> _How to complete this task_
Copy each record below exactly, please, and leave its pictures out.

> _Saved data entries_
□ □ □ □

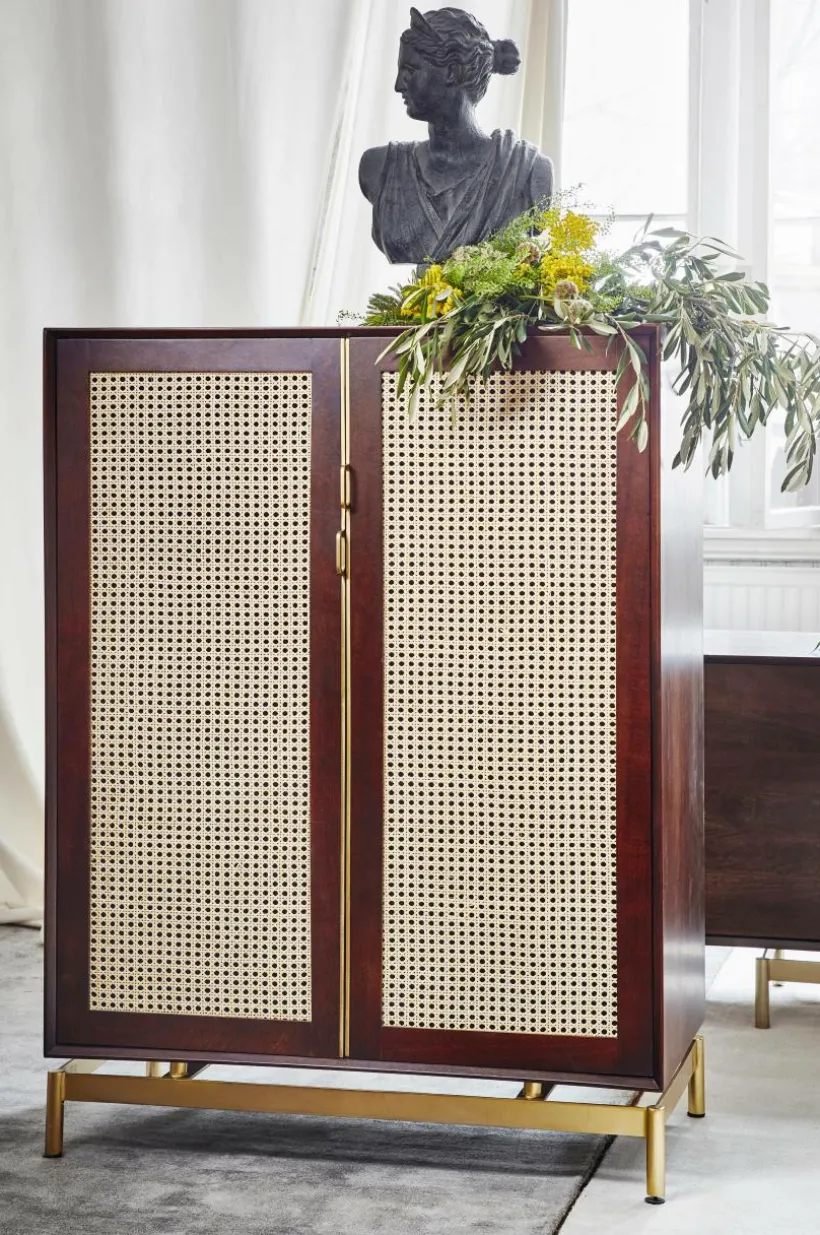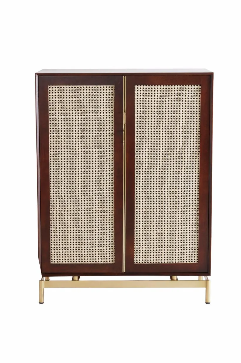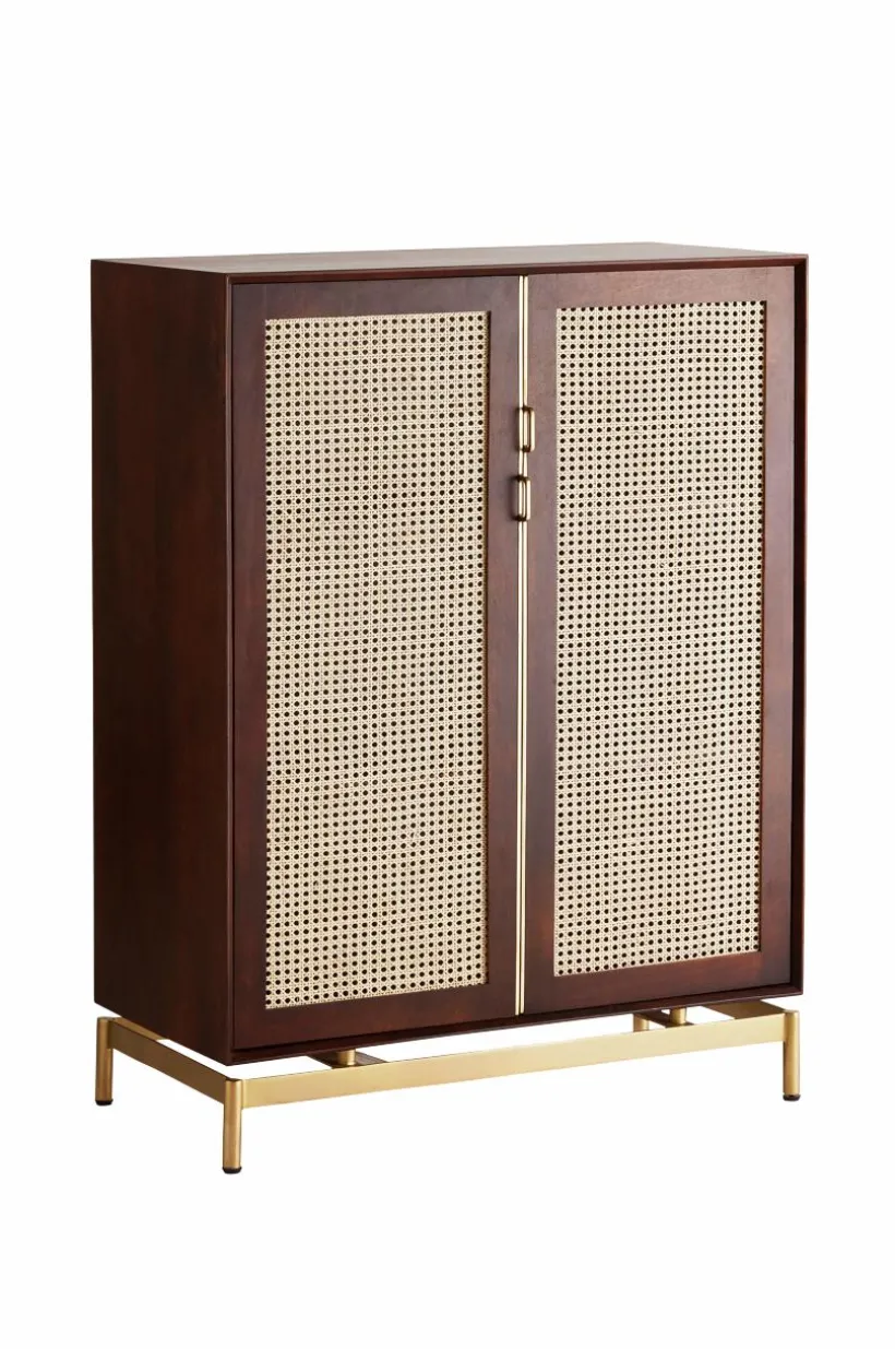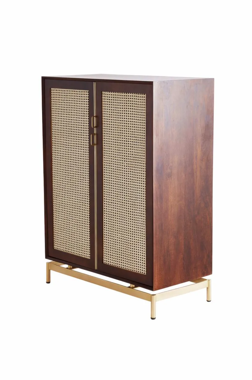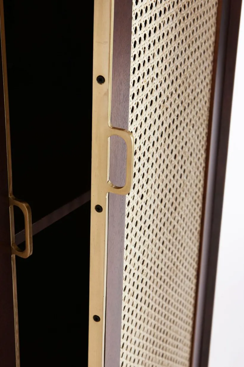 Beskrivning: Skåp i mangoträ med mahognyfinish. Dörrarna har rotting (av sockerrör) i ramen. Fasta hyllor i skåpet. Ben och beslag i guldfärgad metall.
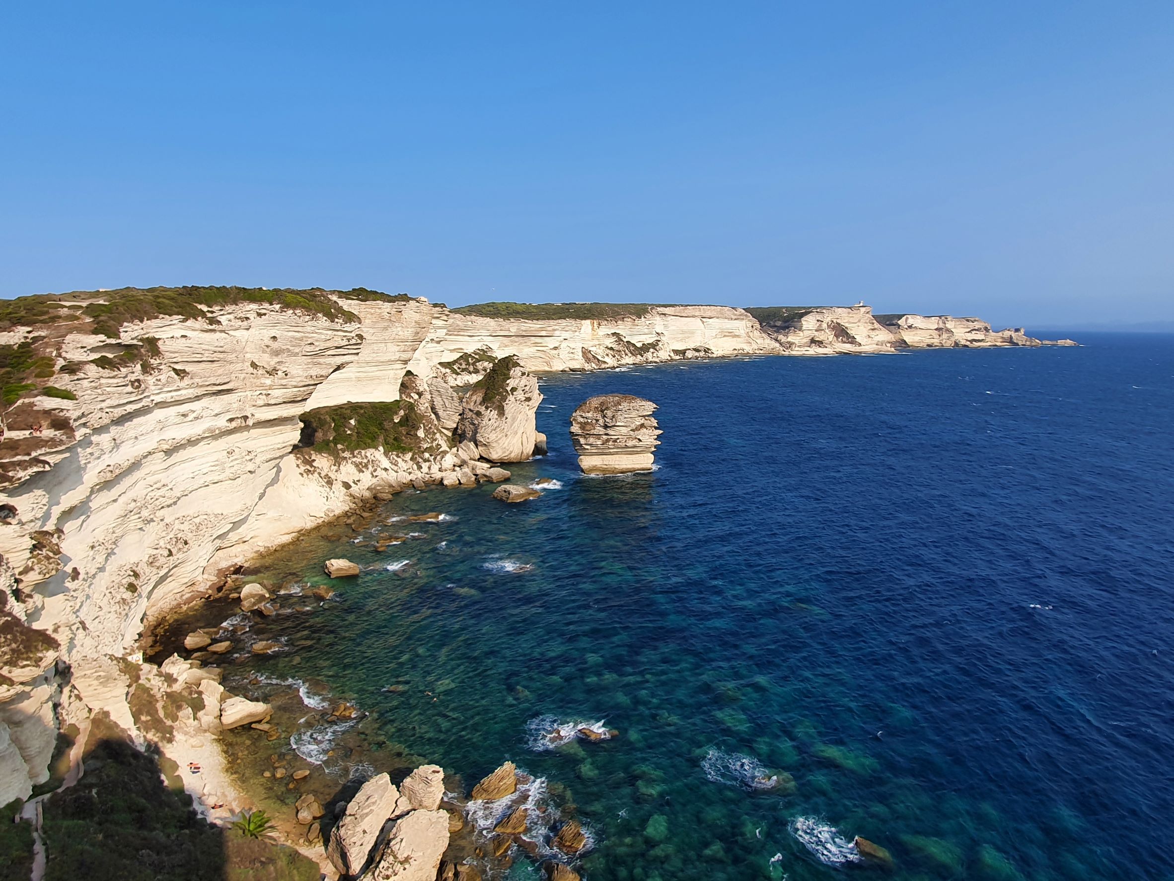 Die Zeit in Bonifacio will genutzt sein und so brechen wir zu einer ausgiebigen Erkundungstour auf. Den Berg hinauf, dann zunächst links weiter bergan gehen und oberhalb der spektakulären Steilküste durch die Dünen entlangwandern. Alle paar Meter muss man stehen bleiben und die atemberaubende Aussicht genießen.
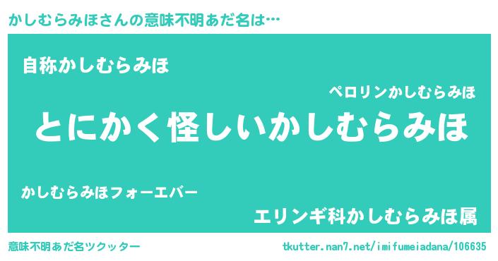 | 欧米人風あだ名 | 『ウサインかしむらみほ』 |
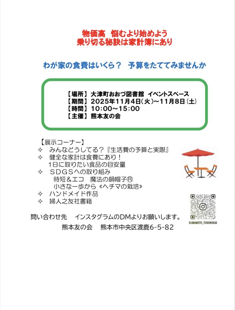 2025年10月6日 / 最終更新日時 : 2025年10月10日 Kumatomo イベント おおづ図書館の家事家計講習会のお知らせ11月4日(火)〜11月8日(土)大津町おおづ図書館で家事家計講習会を行いますご来場をお待ちしていますScreenshot
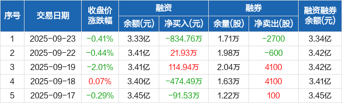 泛微网络:融资净偿还834.76万元,融资余额3.33亿元(09-23)
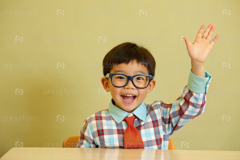 Ученик начальной школы в очках с энтузиазмом поднимает руку во время занятий
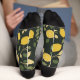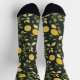 Citrons et motifs feuille clairs sur un arrière - plan vert foncé.
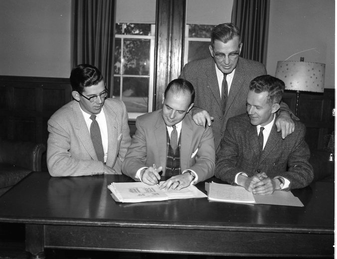 Another YMCA campaign for funds gets underway Nov. 14, with an objective this year of $13,000. Laying plans are, left to right, Keith Smith, ‘Y’ general secretary, J. W. Smith, executive secretary, J. E. Lawlor, campaign chairman and Frank Hartman, publicity chairman.
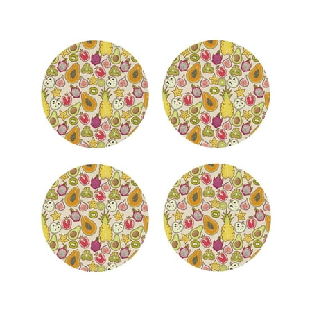 Leather Coasters with Heat-resistant for Drinks cute fruits -标题2 Round Shape
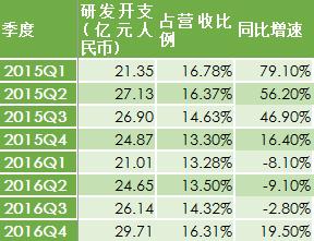 百度四季度研发支出为人民币29.71亿元(约合4.280亿美元)比去年同期增长19.5%,占营收比例为16.3%,为均今年以来最高(具体变化可以看下表)。
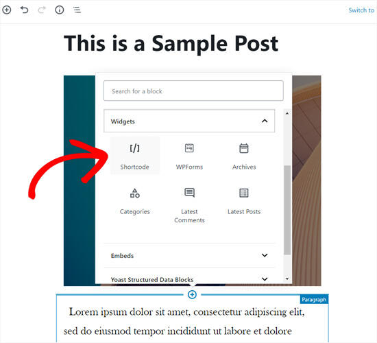 但是,更好的选择是直接使用WPForms Gutenberg块,而不是将表单shortcode粘贴到Shortcode块中。
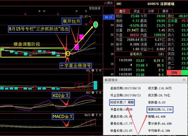 \u00A0 \u00A0 \u00A0 \u00A0接下来我们来看600876洛阳玻璃,该股是本人在8月15号专栏同样根据“三步抓妖战法”选出发文讲解的,大家可以看到该股前期一直处于横盘整理阶段,随后在8月15号当天形成十字星企稳信号,且MACD和KDJ也形成金叉买入信号,本人看到之后也是第一时间给大家讲解,讲解完后展开拉升,截止到今天收盘涨幅31个点之余!
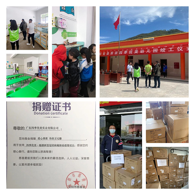 賑災捐款,參與健康類公益救助項目,捐建校舍、橋梁,改造校園設施等,檢驗著四季優美投身公益活動的成色。深圳關愛行動“十佳愛心企業”提名獎的殊榮,是對四季優美長期堅持公益的肯定。而逐年推進的“暖冬”活動及“一加一”資助行動,更已成為具有四季優美文化內涵的公益品牌。
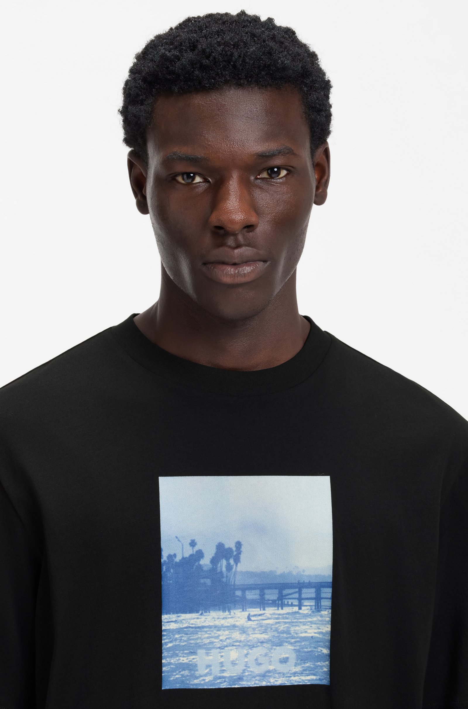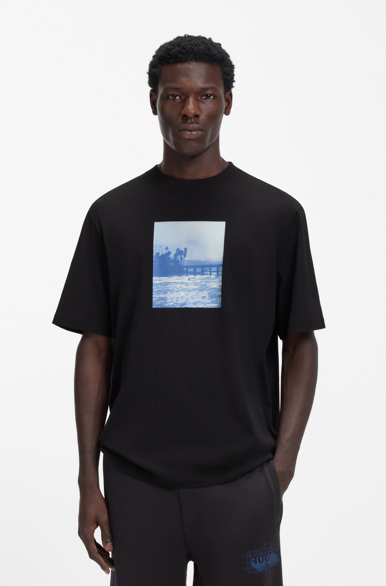 With its soft cotton and creative artwork, this HUGO Menswear T-shirt adds energy to casual looks. Cut to a straight fit. Regular fit Neckline: Crew neck Short sleeves Standard length 100% ... Sjá nánar

□ □ □ □

> _Solved exercise_
 Beskrivning: Skåp i mangoträ med mahognyfinish. Dörrarna har rotting (av sockerrör) i ramen. Fasta hyllor i skåpet. Ben och beslag i guldfärgad metall.
 Die Zeit in Bonifacio will genutzt sein und so brechen wir zu einer ausgiebigen Erkundungstour auf. Den Berg hinauf, dann zunächst links weiter bergan gehen und oberhalb der spektakulären Steilküste durch die Dünen entlangwandern. Alle paar Meter muss man stehen bleiben und die atemberaubende Aussicht genießen.
 | 欧米人風あだ名 | 『ウサインかしむらみほ』 |
 2025年10月6日 / 最終更新日時 : 2025年10月10日 Kumatomo イベント おおづ図書館の家事家計講習会のお知らせ11月4日(火)〜11月8日(土)大津町おおづ図書館で家事家計講習会を行いますご来場をお待ちしていますScreenshot
 泛微网络:融资净偿还834.76万元,融资余额3.33亿元(09-23)
 Ученик начальной школы в очках с энтузиазмом поднимает руку во время занятий
 Citrons et motifs feuille clairs sur un arrière - plan vert foncé.
 Another YMCA campaign for funds gets underway Nov. 14, with an objective this year of $13,000. Laying plans are, left to right, Keith Smith, ‘Y’ general secretary, J. W. Smith, executive secretary, J. E. Lawlor, campaign chairman and Frank Hartman, publicity chairman.
 Leather Coasters with Heat-resistant for Drinks cute fruits -标题2 Round Shape
 百度四季度研发支出为人民币29.71亿元(约合4.280亿美元)比去年同期增长19.5%,占营收比例为16.3%,为均今年以来最高(具体变化可以看下表)。
 但是,更好的选择是直接使用WPForms Gutenberg块,而不是将表单shortcode粘贴到Shortcode块中。
 \u00A0 \u00A0 \u00A0 \u00A0接下来我们来看600876洛阳玻璃,该股是本人在8月15号专栏同样根据“三步抓妖战法”选出发文讲解的,大家可以看到该股前期一直处于横盘整理阶段,随后在8月15号当天形成十字星企稳信号,且MACD和KDJ也形成金叉买入信号,本人看到之后也是第一时间给大家讲解,讲解完后展开拉升,截止到今天收盘涨幅31个点之余!
 賑災捐款,參與健康類公益救助項目,捐建校舍、橋梁,改造校園設施等,檢驗著四季優美投身公益活動的成色。深圳關愛行動“十佳愛心企業”提名獎的殊榮,是對四季優美長期堅持公益的肯定。而逐年推進的“暖冬”活動及“一加一”資助行動,更已成為具有四季優美文化內涵的公益品牌。
 With its soft cotton and creative artwork, this HUGO Menswear T-shirt adds energy to casual looks. Cut to a straight fit. Regular fit Neckline: Crew neck Short sleeves Standard length 100% ... Sjá nánar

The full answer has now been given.